### Provided data

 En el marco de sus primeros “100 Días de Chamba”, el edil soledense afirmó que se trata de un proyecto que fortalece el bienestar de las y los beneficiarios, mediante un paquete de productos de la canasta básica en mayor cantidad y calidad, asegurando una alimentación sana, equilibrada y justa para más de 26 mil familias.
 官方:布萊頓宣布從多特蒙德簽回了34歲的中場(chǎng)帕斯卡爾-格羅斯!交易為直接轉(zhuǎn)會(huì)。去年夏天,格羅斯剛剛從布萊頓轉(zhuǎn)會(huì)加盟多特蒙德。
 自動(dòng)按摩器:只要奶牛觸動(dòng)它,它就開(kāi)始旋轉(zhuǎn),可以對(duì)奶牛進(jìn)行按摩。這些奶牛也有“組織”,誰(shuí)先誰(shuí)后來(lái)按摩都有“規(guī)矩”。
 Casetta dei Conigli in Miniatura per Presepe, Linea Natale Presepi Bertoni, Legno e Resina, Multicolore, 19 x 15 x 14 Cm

==

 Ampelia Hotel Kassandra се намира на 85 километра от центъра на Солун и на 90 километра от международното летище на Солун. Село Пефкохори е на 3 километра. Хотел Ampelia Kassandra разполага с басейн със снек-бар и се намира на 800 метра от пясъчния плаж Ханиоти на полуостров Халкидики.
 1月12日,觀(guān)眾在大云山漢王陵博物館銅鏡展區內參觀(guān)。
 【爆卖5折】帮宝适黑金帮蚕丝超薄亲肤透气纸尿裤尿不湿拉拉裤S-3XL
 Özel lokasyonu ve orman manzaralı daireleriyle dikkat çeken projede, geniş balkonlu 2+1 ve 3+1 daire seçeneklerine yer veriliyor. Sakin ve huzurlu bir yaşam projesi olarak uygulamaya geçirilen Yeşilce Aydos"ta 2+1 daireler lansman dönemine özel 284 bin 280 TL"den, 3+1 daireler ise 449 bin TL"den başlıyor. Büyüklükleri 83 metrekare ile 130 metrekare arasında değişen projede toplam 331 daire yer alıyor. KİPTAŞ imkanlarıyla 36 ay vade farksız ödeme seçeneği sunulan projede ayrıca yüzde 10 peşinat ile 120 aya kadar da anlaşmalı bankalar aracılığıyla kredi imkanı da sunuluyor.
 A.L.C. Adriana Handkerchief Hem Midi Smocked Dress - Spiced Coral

==

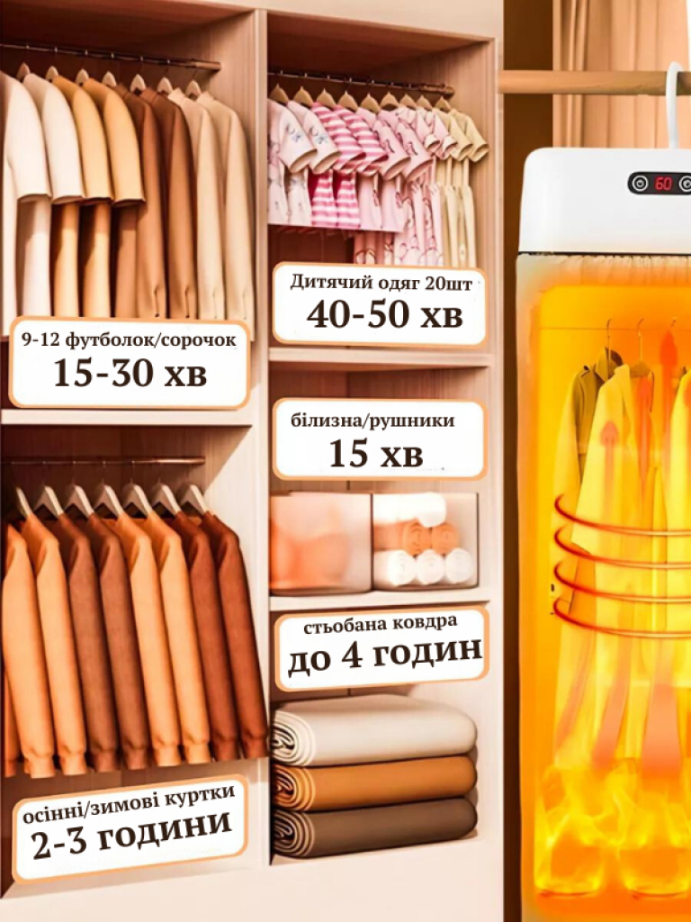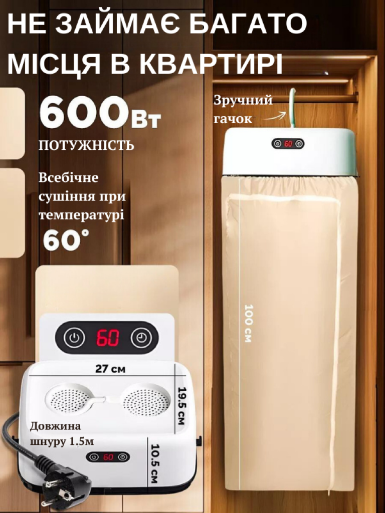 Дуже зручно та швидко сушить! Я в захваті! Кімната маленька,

### What you need to do
From the data above, copy every line where "zhuǎn" appears.

### Response
 官方:布萊頓宣布從多特蒙德簽回了34歲的中場(chǎng)帕斯卡爾-格羅斯!交易為直接轉(zhuǎn)會(huì)。去年夏天,格羅斯剛剛從布萊頓轉(zhuǎn)會(huì)加盟多特蒙德。
 自動(dòng)按摩器:只要奶牛觸動(dòng)它,它就開(kāi)始旋轉(zhuǎn),可以對(duì)奶牛進(jìn)行按摩。這些奶牛也有“組織”,誰(shuí)先誰(shuí)后來(lái)按摩都有“規(guī)矩”。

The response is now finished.